Required work: Report all lines of the records that contain "العمل".

Data supplied:
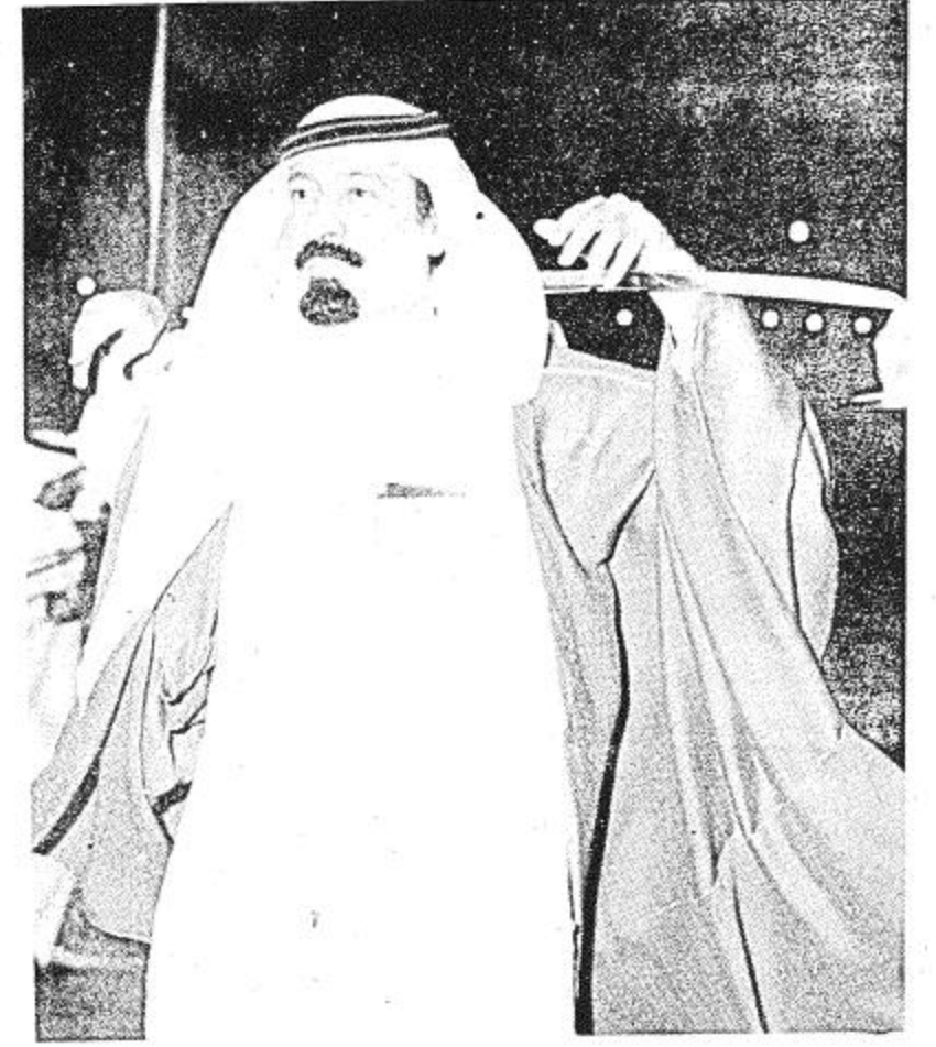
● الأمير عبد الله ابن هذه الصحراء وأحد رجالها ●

---

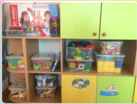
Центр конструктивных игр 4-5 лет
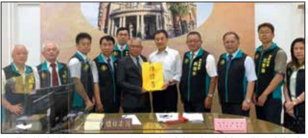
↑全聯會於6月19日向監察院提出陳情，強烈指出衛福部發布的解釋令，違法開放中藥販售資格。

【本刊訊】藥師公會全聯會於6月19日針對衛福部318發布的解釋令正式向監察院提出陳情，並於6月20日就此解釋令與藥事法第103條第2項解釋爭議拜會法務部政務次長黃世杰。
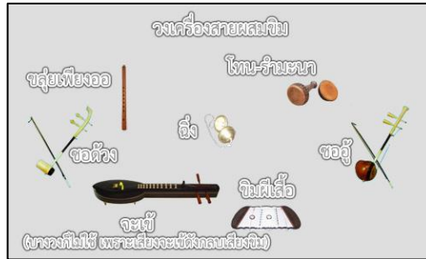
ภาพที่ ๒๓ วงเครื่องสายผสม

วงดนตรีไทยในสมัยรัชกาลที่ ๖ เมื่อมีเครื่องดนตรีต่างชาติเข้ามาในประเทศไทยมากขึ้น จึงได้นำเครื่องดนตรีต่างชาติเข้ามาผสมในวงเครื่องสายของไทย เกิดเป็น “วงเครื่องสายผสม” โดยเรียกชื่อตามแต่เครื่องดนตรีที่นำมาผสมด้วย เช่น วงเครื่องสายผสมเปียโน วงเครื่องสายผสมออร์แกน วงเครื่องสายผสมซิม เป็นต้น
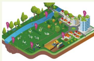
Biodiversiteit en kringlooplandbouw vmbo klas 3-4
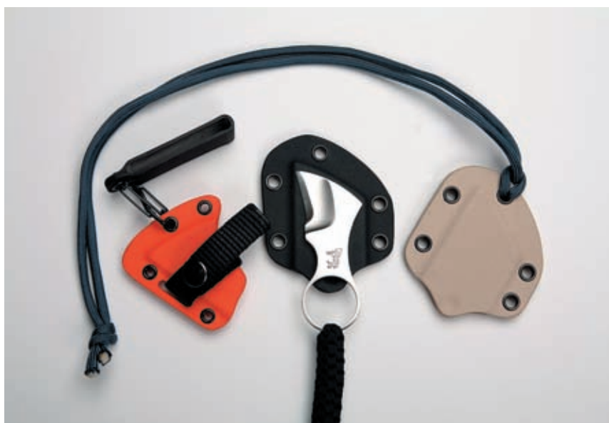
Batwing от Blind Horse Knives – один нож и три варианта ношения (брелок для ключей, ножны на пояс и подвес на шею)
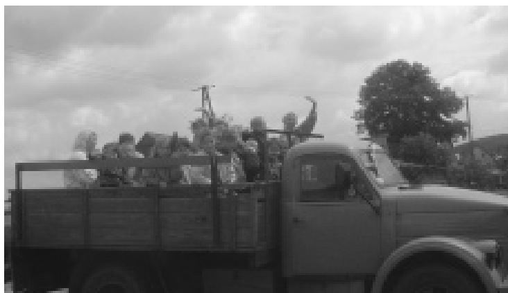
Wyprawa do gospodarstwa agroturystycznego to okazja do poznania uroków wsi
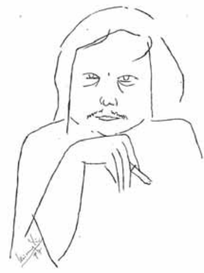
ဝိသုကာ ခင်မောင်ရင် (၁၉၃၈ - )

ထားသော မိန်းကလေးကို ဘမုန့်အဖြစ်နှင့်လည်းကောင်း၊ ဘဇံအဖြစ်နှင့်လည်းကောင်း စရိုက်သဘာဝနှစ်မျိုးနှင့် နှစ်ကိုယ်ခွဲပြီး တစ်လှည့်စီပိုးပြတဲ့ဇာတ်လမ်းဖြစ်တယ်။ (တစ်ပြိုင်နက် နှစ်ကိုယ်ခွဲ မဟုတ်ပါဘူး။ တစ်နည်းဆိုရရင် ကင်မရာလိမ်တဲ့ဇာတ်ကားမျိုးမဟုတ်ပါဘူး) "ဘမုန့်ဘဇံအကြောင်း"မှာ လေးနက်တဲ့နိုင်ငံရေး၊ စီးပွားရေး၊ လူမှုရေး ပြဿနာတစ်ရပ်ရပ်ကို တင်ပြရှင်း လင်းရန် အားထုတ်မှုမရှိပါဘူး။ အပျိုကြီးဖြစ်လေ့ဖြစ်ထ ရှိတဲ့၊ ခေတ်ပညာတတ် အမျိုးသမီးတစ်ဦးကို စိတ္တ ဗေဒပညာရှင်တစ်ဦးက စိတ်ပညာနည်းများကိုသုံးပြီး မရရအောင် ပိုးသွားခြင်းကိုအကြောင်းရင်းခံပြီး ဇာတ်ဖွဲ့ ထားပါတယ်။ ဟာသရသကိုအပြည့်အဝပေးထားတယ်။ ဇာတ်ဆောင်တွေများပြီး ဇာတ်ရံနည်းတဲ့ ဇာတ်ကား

--

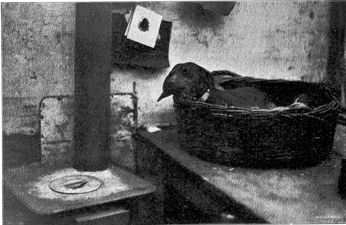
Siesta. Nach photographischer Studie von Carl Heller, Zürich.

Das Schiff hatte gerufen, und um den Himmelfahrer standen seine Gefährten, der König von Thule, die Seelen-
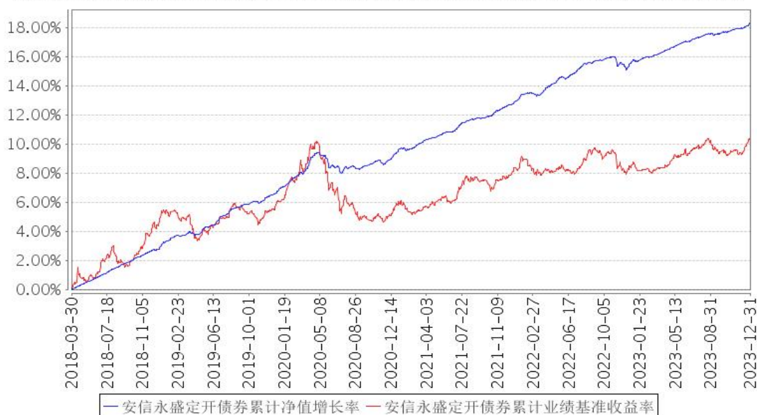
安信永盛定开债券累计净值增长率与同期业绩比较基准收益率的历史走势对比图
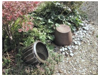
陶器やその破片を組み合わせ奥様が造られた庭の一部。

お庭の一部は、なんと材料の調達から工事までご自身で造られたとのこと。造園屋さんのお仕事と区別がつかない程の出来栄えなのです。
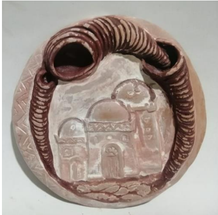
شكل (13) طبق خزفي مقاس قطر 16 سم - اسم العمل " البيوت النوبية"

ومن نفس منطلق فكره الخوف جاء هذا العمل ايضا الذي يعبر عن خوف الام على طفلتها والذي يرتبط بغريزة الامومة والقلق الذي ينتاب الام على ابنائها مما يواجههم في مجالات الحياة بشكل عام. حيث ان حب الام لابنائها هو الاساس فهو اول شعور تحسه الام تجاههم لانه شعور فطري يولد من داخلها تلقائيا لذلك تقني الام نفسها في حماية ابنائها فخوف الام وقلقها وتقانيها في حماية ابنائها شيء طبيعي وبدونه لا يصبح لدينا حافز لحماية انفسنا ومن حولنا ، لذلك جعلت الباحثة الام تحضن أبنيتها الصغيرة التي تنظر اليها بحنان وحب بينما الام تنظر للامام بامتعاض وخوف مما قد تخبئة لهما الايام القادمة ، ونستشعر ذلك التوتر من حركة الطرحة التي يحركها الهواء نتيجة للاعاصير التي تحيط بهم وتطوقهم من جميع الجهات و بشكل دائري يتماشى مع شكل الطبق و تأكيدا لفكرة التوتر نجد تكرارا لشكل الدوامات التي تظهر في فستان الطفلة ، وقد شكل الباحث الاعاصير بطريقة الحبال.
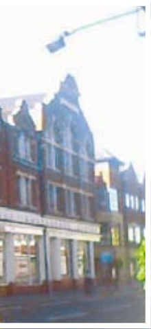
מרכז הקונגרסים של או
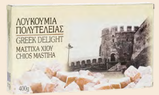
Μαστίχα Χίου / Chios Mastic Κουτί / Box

Exercise answer:
شكل (13) طبق خزفي مقاس قطر 16 سم - اسم العمل " البيوت النوبية"
ومن نفس منطلق فكره الخوف جاء هذا العمل ايضا الذي يعبر عن خوف الام على طفلتها والذي يرتبط بغريزة الامومة والقلق الذي ينتاب الام على ابنائها مما يواجههم في مجالات الحياة بشكل عام. حيث ان حب الام لابنائها هو الاساس فهو اول شعور تحسه الام تجاههم لانه شعور فطري يولد من داخلها تلقائيا لذلك تقني الام نفسها في حماية ابنائها فخوف الام وقلقها وتقانيها في حماية ابنائها شيء طبيعي وبدونه لا يصبح لدينا حافز لحماية انفسنا ومن حولنا ، لذلك جعلت الباحثة الام تحضن أبنيتها الصغيرة التي تنظر اليها بحنان وحب بينما الام تنظر للامام بامتعاض وخوف مما قد تخبئة لهما الايام القادمة ، ونستشعر ذلك التوتر من حركة الطرحة التي يحركها الهواء نتيجة للاعاصير التي تحيط بهم وتطوقهم من جميع الجهات و بشكل دائري يتماشى مع شكل الطبق و تأكيدا لفكرة التوتر نجد تكرارا لشكل الدوامات التي تظهر في فستان الطفلة ، وقد شكل الباحث الاعاصير بطريقة الحبال.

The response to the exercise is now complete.